I’ll put this into more perspective. Tuomas and I have been dating for almost 4 years, and he jokingly said the other night, “We have been dating for 4 years and I have finally started to learn what to say”.
It’s going to take time so try not to assume that your partner knows you as well as your family or your best friends.
Not only does it take time to make a relationship grow but it also takes a lot of meeting up and being with each other in person.
5. Give and Receive Love
Being there for your partner also what helps relieve stress. By learning how you give and receive love you are able to help your partner heal when your partner is feeling strained.
The 5 Love Languages quiz is a great way to learn more about your partner and how they give and receive love. Which also plays a huge roll into how you make time for each other.
Our love language is quality time and physical touch. Both are hard to do in a long distance relationship but it doesn’t make it impossible.
We make time together by planning meet-ups and being together in a call.
Just having Tuomas in a call with me makes me feel relaxed 🥰
6. Avoid Blaming
A part of being under stress is having a hard time expressing the emotions that you are feeling.
Sometimes it is easier to blame someone else for why we are feeling a certain type of way.
That’s why we started with self reflection at the beginning of this post.
While it may be easy to blame your partner’s chewing too loud on the phone for making you angry in that moment, that’s not where the stress is coming from.
You have to learn to accept the part of you that is feeling some type of way and how you can work to resolve it.
Again. Teamwork makes the dream work.
7. Be Supportive
When you are feeling stressed out it’s easy to bottle things up and close everything around you out.
You need to do the opposite of that.
Because odds are if you’re stressed that’s causing your partner to feel a little pressure as well.
Y’all need to be supportive of each other, as well as provide yourself your own support through some self care or self love.
Being supportive also means being there for your partner through when they have to make hard decisions.
As well as continuing to stay by their side for the outcome of those decisions.
Support can come in all different ways, it kind of goes back to what your love language is.
In our relationship we give support by listening to each other and being there when we need time to think.
8. Do Something Together
Activities always take your mind off of stress especially when you are creating something.
It is so easy to get lost in the details when you are having fun together.
Right now Tuomas and I are doing something together, we’re both writing.
Yeah it makes for a boring call since we’re not talking but we both are doing the same thing together. This time we are sharing creates a bond because we are doing it together.
When the weather is a little bit nice we like to go on walks together.

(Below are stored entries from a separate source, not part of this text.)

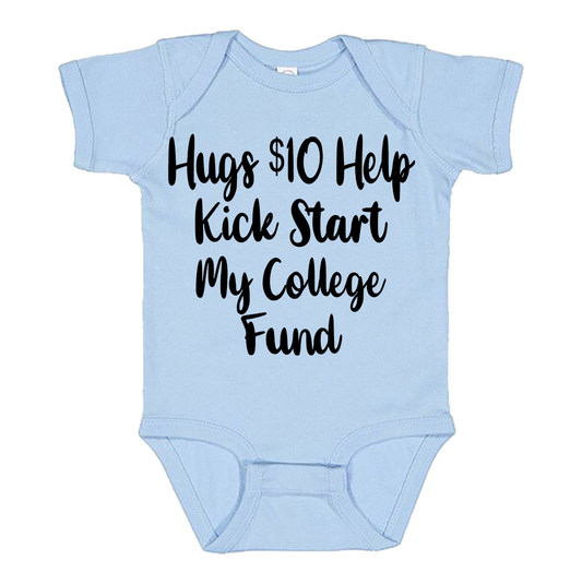 Infant Onesie: HUGS $10 HELP ME KICK START MY COLLEGE FUND (S21)- FREE SHIPPINGVendor:Worldwide ShirtsRegular price $17.99Regular priceUnit price / per-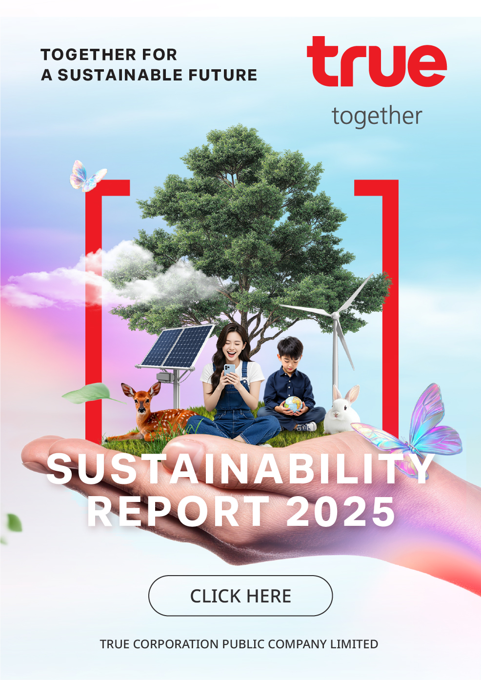 “ในฐานะบริษัทเทคโนโลยีโทรคมนาคมชั้นนำที่ให้ความสำคัญกับความยั่งยืน ทรู คอร์ปอเรชั่นมุ่งมั่นดำเนินการอย่างครบวงจรเพื่อความยั่งยืน ตั้งแต่การ ขับเคลื่อนนวัตกรรม 5G การส่งเสริมปัญญาประดิษฐ์ที่มีจริยธรรม การสร้าง ความเท่าเทียมทางดิจิทัล ไปจนถึงการดำเนินมาตรการด้านสภาพภูมิอากาศ ด้วยความมุ่งมั่นเหล่านี้ เราไม่เพียงแต่กำหนดมาตรฐานในอุตสาหกรรม เท่านั้น แต่ยังส่งเสริมความร่วมมือจากพนักงานและผู้มีส่วนได้ส่วนเสียทุก ฝ่าย เพื่อสร้างอนาคตดิจิทัลที่ยั่งยืนสำหรับประเทศไทย”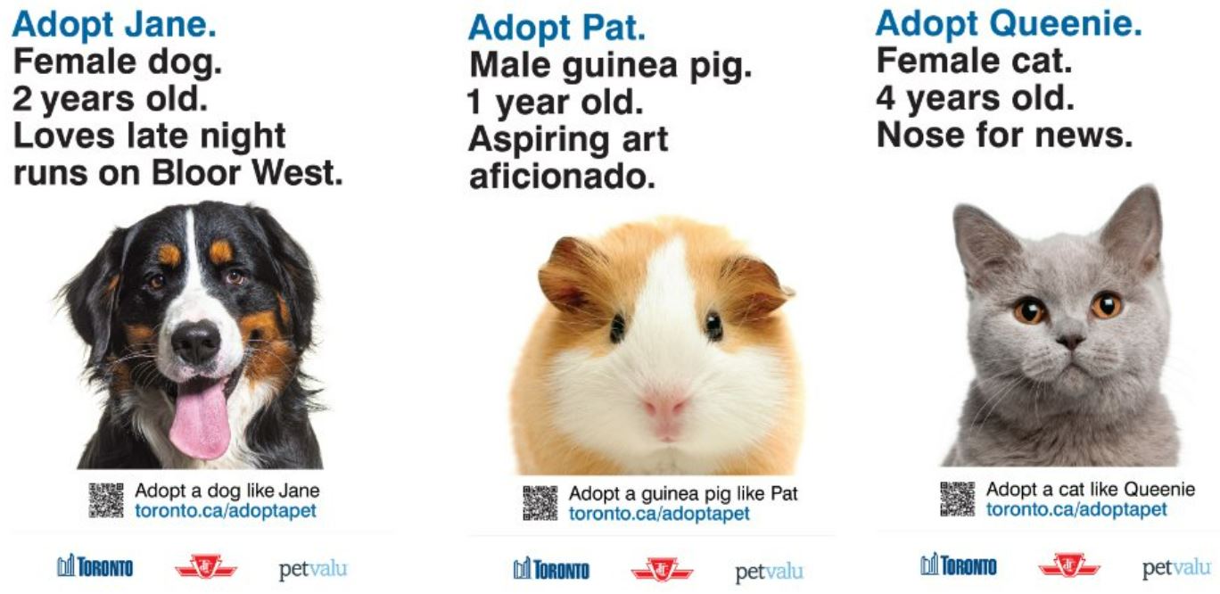 In a joint campaign with the City, Toronto Animal Services, the TTC, and Pet Valu, the images will showcase cats, dogs, guinea pigs and rabbits that are all in need of a new home.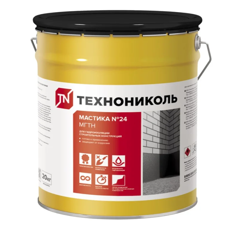 Мастика гидроизоляционная ТЕХНОНИКОЛЬ № 24 (МГТН) представляет собой полностью готовый к применению материал на основе нефтяного битума, содержащий технологические добавки, минеральные наполнители и растворитель.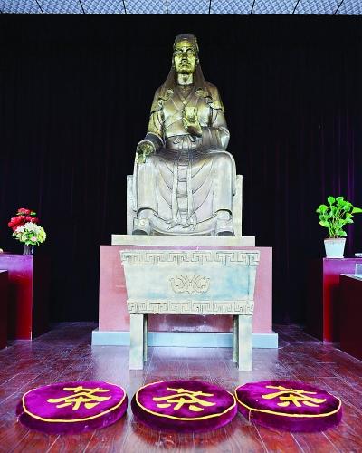 8月18日采访团探访陆羽纪念馆。图为馆内陆羽铜像 特派记者胡冬冬 摄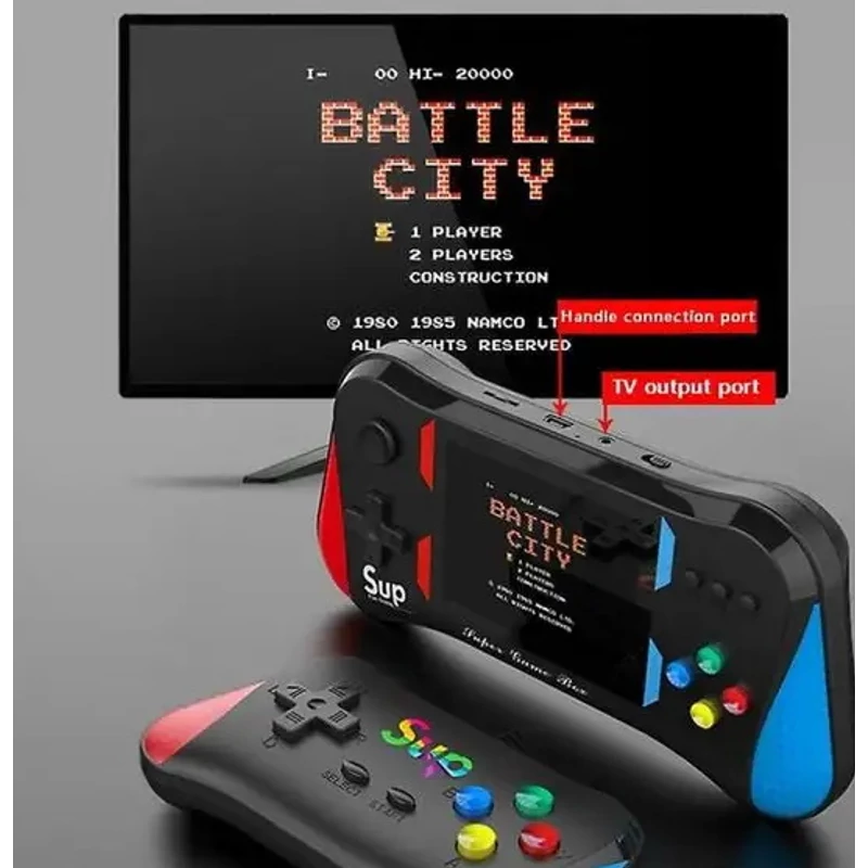 Legyél Te a retro játékok királya! Super Mario, Angry Birds, Street Fighter, Contra, Mortal Combat, Battle City, Tetris, Donkey Kong, PacMan, Bomber Man és még több száz játék egyetlen konzolon! Repülj vissza abba a vicces és izgalmas világába, ahol te is újra gyerek lehetsz. 500 játékból válogathatsz! A konzol mellett egy extra joystick is található a dobozban, így TV-re csatlakoztatva akár ketten is párbajozhattok. Kis méretének köszönhetően akár zsebben is elfér, így nálad lehet bármikor, amikor unatkozol vagy szívesen elidőznél a pixel világban egy kicsit. Gyermeked garantáltan imádni fogja!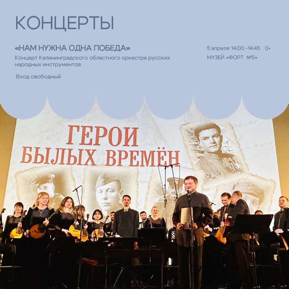 5 апреля в 14:00—14:45 — Концерт «Нам нужна одна Победа» (0+) Калининградского областного оркестра русских народных инструментов (Музей «Форт №5», вход свободный).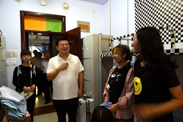 8月27日,校领导樊兆杰、张恒斌、李强、张苹、郭士武、周吉星亲临学生生活区,视察迎新工作。校领导先后来到各系新生接待点、宿舍和学生餐厅等地,就迎新现场布置、氛围营造、安全隐患防范、校园道路保障等进行了走访检查,并详细询问了各工作组的准备情况。樊兆杰指出,新生入学是学校的一件大事,各单位要明确责任分工和工作流程,把工作进一步做实做细,遇到问题及时反馈并尽快解决,努力给新生及其家长提供热情、周到、细致、贴心的优质服务,让新生和家长感受到学校的温暖。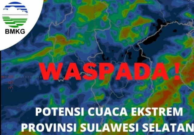 Badan Meteorologi, Klimatologi dan Geofisika (BMKG) Wilayah IV Makassar mengeluarkan peringatan dini cuaca ekstrem yang berdampak di 17 kabupaten dan kota di Sulawesi Selatan (Sulsel). Sejumlah daerah tersebut mesti waspada terhadap ancaman banjir hingga longsor.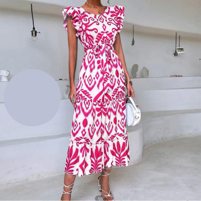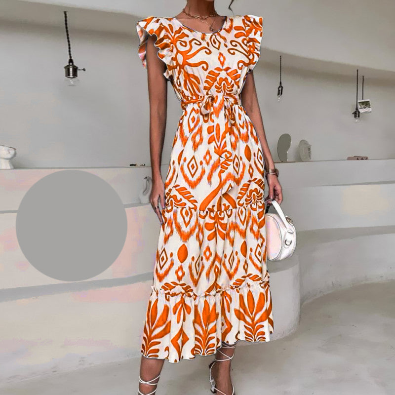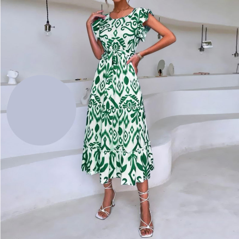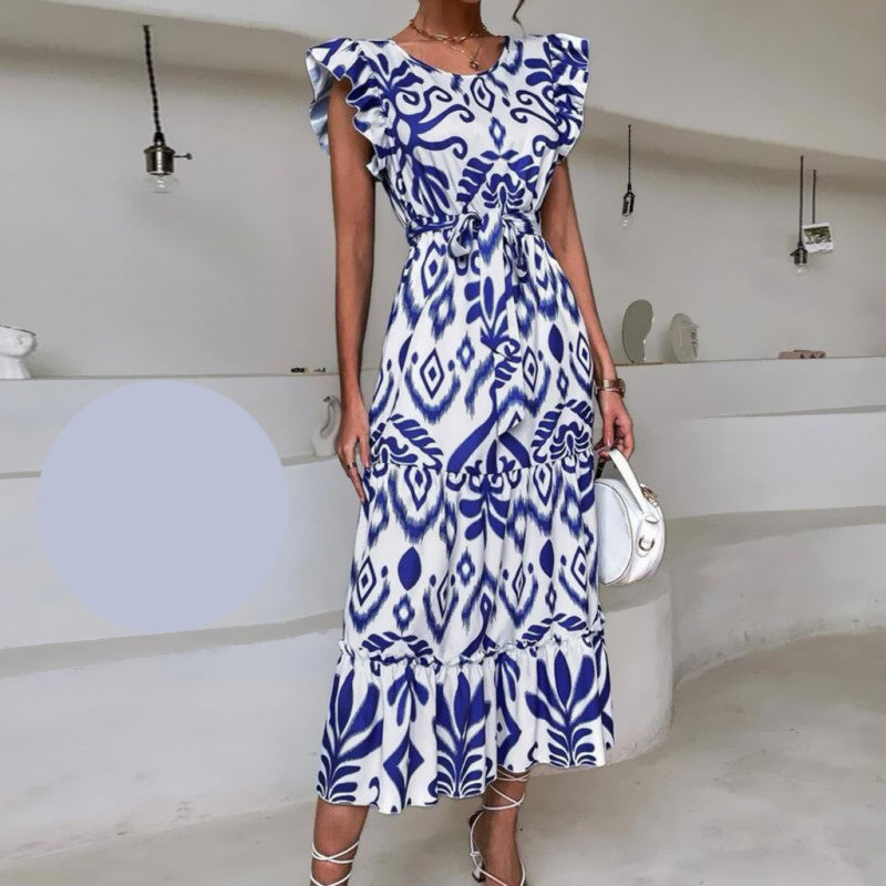 Памучна дълга лятна рокля 12334. Дълга рокля с къдрици по ръкавите и колан.

That way we get out of the apartment and get some vitamin D and endorphins, which makes people happy.
Just as long as you’re doing something together with your partner it will help get your mind off the stress.
It also allows you to enjoy what you are doing in the moment with the one you love.
9. Trust Your Partner
When you have trust in your partner it also shows that you have trust in yourself.
You have confidence in y’all’s relationship.
Which in turn means you have confidence in yourself and your judgment.
Also it helps knowing that your partner has your back. It helps relieve stress because it clears uncertainty and worry from their mind.
By having trust in your partner it gives you more room to grow as a couple because you are not alone in facing obstacles, you are now facing them together.
As a team.
Stress is a part of life, it’s a part of relationships. It is how we handle our stress that creates success in our relationships.
As I mentioned before part of a relationship is going through a power struggle phase which you can learn more about here.
The best way to navigate your stress in a long distance relationship is through solid communication and listening to each other. Being open and honest about your feelings will help your partner understand your feelings better.
Don’t forget your MVP needs to know what play to make and how to make it.